Secondly, the expression of LPAAT2-encoding gene, involved in triacylglycerol synthesis in soybean seed, is putatively inhibited by three miRNAs (gma-miR171, gma-miR1516 and gma-miR5775) based on the results of bioinformatics analysis (Table 2).
Finally, gene co-expression network analysis helps us to understand different biological pathways in soybean and rapeseed. KEGG enrichment analyses of genes co-expressed with GmPEPC1 showed that three soybean genes (Glyma.13G148600, Glyma.13G207900 and Glyma.12G122900) were enrich-specific in the “leucine, isoleucine and valine” synthesis pathway. Leucine, isoleucine and valine are the three major branched-chain amino acids for protein synthesis. The content of branched-chain amino acids in seeds is positively correlated with the protein content in general, which can effectively maintain the accumulation of storage proteins in seeds . Therefore, it is speculated that the expression of such soybean genes may be beneficial for the accumulation of storage proteins in seeds. Meanwhile, KEGG enrichment analysis of genes co-expressed with BnPEPC1 revealed that nine rapeseed genes, encoding serine/threonine-protein kinase (BnSKTA; BnaC08g48660D, BnaA09g42220D, BnaA01g21040D, BnaC08g34660D and BnaC01g42660D) and Casein kinase II subunit beta (BnCKII; BnaC08g30500D, BnaC02g33100D, BnaC04g05080D and BnaA02g24960D), were specifically enriched in the “plant circadian rhythm” category, which can regulate seed oil metabolism and hormone signaling pathway [75, 76]. Lipid metabolism is subject to diurnal regulation at the early stages of seed development in Arabidopsis ; diurnal differential expression of genes encoding JcDof1, a dof TF of Jatropha curcas in response to light signal, β-hydroxy-3-methylglutaryl-CoA reductase and Cyp7A1, regulates seed oil synthesis and accumulation [78, 79]. CIRCADIAN CLOCK ASSOCIATED1 (CCA1) and LATE ELONGATED HYPOCOTYL (LHY) from the core clock system can affect the reserve mobilization of storage lipid , but this process is affected by the phosphorylation of protein kinase (CK2) . Therefore, the phosphorylation of genes BnSTKA and BnCKII may promote the storage of seed oil.

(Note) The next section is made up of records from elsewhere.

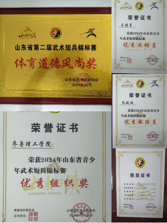 更新时间:2024-12-30 15:33 2024年12月28日,山东省第二届武术短兵锦标赛于淄博市张店区全民健身体育馆盛大举行,这场赛事吸引了全省各地240名武术精英齐聚一堂,展开激烈角逐。问鼎网页版登录入口曲阜校区在此赛事中脱颖而出,2023级计算机应用技术专业的学生王福星在短兵实战男子成年组56公斤级比赛中力压群雄,勇夺桂冠,同时还荣获了本次赛事的“优秀运动员”称号。其指导教师孔舰艇也凭借出色的指导能力,斩获“优秀教练员”殊荣,为学校争得了崇高的荣誉,在全省武术界彰显了曲阜校区的实力与风采。
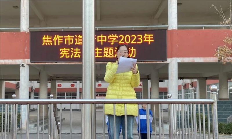 12月4日,在第十個(ge) 國家憲法日到來之際,為(wei) 深入學習(xi) 宣傳(chuan) 習(xi) 近平法治思想,大力弘揚憲法精神和社會(hui) 主義(yi) 法治精神,焦作市道清中學開展了國家憲法日係列主題教育活動。
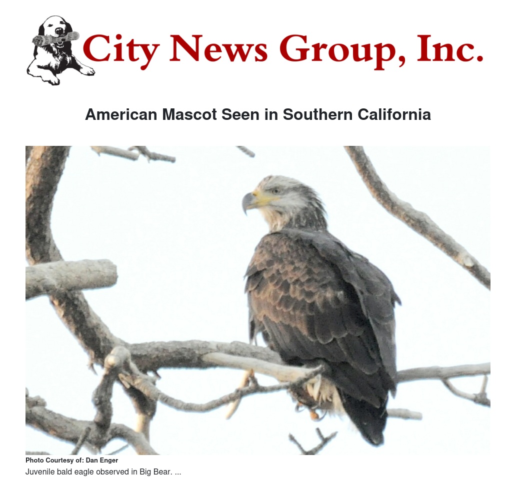· Big Bear Lake area volunteers will meet at 8 a.m. at the Forest Service’s Big Bear Discovery Center on North Shore Drive for orientation. Contact Rari Marks (rariemarks@fs.fed.us or 909-382-2600, extension 4075) for more information. Please call 909-382-2832 for cancellation due to winter weather conditions – an outgoing message will be left by 6:30 a.m. on the morning of the count if it has to be cancelled. Contact the Discovery Center (909-382-2790) for information about Eagle Celebrations. There will also be a free slideshow about bald eagles at 11 a.m. after the counts and on Dec. 27 and Jan. 17.

Rapeseed-specific genes encoding β-CT and BCCP1 subunits of acetyl-CoA carboxylase and transcription factors may be associated with higher seed oil content in rapeseed
β-CT and BCCP are important components for heterogeneous acetyl-CoA carboxylase (ACCase) [81, 82]. Overexpression of ACCase subunit genes can significantly increase fatty acid content in oil crop seed [13, 14, 83]. In this study, soybean β-CT and BCCP1 was not expressed, while BCCP2, BC and α-CT showed high expression during seed development stages (Additional file 2: Figure S4). This is consistent with the results of Zhang et al. . Meanwhile, genes BCCP1, BCCP2, BC, α-CT and β-CT showed high expression during rapeseed seed development stages. Especially, the β-CT subunit gene (BnaA10g13960D) was positively regulated by four zinc finger C2H2 transcription factors (BnaA01g37250D, BnaA02g26190D, BnaC01g01040D and BnaC07g21470D) predictably, which is consistent with the results of Jin et al. . Similarly, Li et al.  demonstrated that overexpression of GmZF351, a gene encoding a tandem CCCH zinc finger protein, can activate lipid biosynthesis genes and increase seed oil accumulation in soybean. Moreover, Li et al.  found that transfer DNA insertional alleles that completely eliminate the accumulation of BCCP2 have no perceptible effect on fatty acid accumulation, while reducing the BCCP1 accumulation can dramatically decreases fatty acid accumulation in Arabidopsis thaliana. This partly supports that rapeseed-specific BCCP1 gene may associate with high seed oil content of rapeseed. It should also note that RNA levels don’t always equate to protein and/or lipid metabolite levels in plants .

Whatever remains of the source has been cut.